Mental health and physical health may be related, and the contemplation of their hidden relationships may be food for real thought, inquiry, and even healing. But this doesn’t change the fact that we were misdiagnosed with mental illnesses and not physical ones. Despairingly, I used to even wish I’d been diagnosed cancer. But that was never my situation. My situation was a severe misdiagnosis with mental illness. And for those of us who have faced bitter discrimination or difficulty in establishing ourselves in the world in light of mental health stigma, the pressure and even desire to concoct a suitable outward and unequivocal narrative of healing can be real. The more physical, the more unequivocal.
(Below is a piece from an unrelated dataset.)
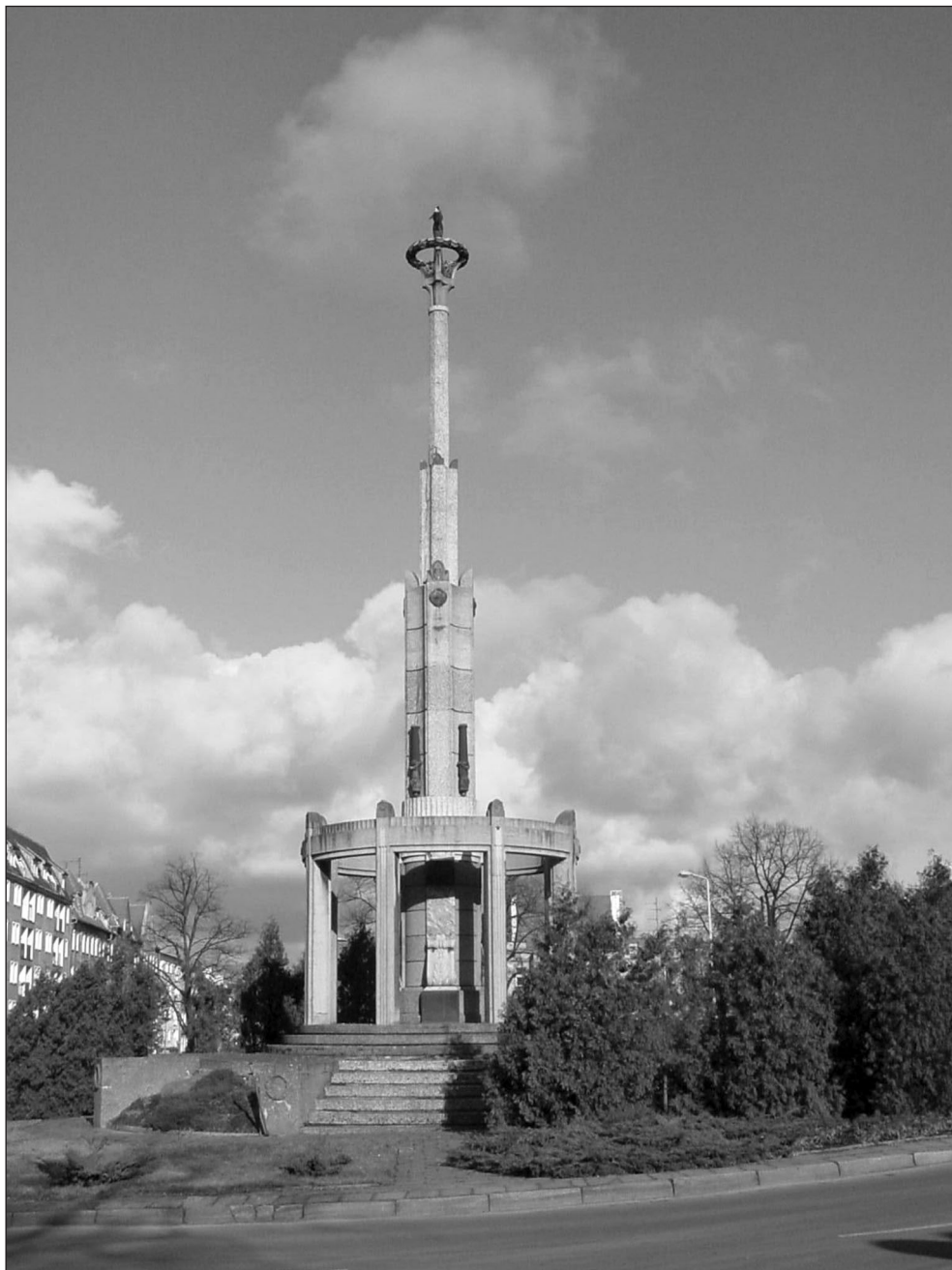
Ilustr. 3. Pomnik Zwycięstwa, widok od strony ul. Świętojańskiej (strona południowa), 2005 r.

And I guess I’m just wary of narratives that seek to hide mental and emotional anguish under the banner of one-size-can-be-made-to-fit-all physical health solutions. I believe mental and and emotional problems, no matter how closely they might connect to the phenomenon of physical illness and health, are ultimately separate concerns, equally important, and we do ourselves a disservice as thinkers — especially in our capacity to have organized thought in this area — when are seduced by modalities that contend (either the biochemical model of mental illness, or the idea of Keto as a permanent cure for it (again, not trying to discount West’s expressed experience that her overall health and sense of well-being have improved on such a diet)) that two are somehow are the same or coeval.
I sympathize with West’s idea that misdiagnosis could be viewed as reductive, but what I can’t help but hearing from her is that it is her real suffering (yes, with natural human suffering as one of its initial ingredients) from the traumatic experience misdiagnosis is that she is afraid of being reduced. As if someone might credibly say: “Well, because you were seriously misdiagnosed with a severe mental illness, and not actually diagnosed, then you don’t actually suffer.” But she did suffer! Including from misdiagnosis! Let’s not reduce it!
It’s hard though, when she dismisses it herself. Out of fear?
Misdiagnosis as an identity raises questions in the minds of those who encounter it, and perhaps it should — perhaps what’s most needed in our current mental health system is in fact better and more pointed questions. Meanwhile, identifying as neurodivergent as a misdiagnosed person is problematic because then there will be people who you might otherwise enter into authentic relationship with who might assume that neurodivergence is concomitant with requiring the fix of medication or other inappropriate treatment. And this kind of assumption can be absolutely toxic to the well-being of a misdiagnosed person, and their containing of the trauma, to the point where it might be better simply be silent on issues of mental health and illness. Meanwhile, mad, ex-patient, and psychiatric-survivor to me suggests a requirement of anger toward the system as well as despair. You shouldn’t be required to not feel anger just to be seen as human, why should you be required to feel anger just to identify as who and what you are?
For me identifying as misdiagnosed is about occupying the middle territory, showing bravery in the face of inevitable questions, owning my suffering and my difficult past trauma, overcoming the negative peer pressure of misdiagnosis, and presenting as someone who values truth and even accuracy where it matters.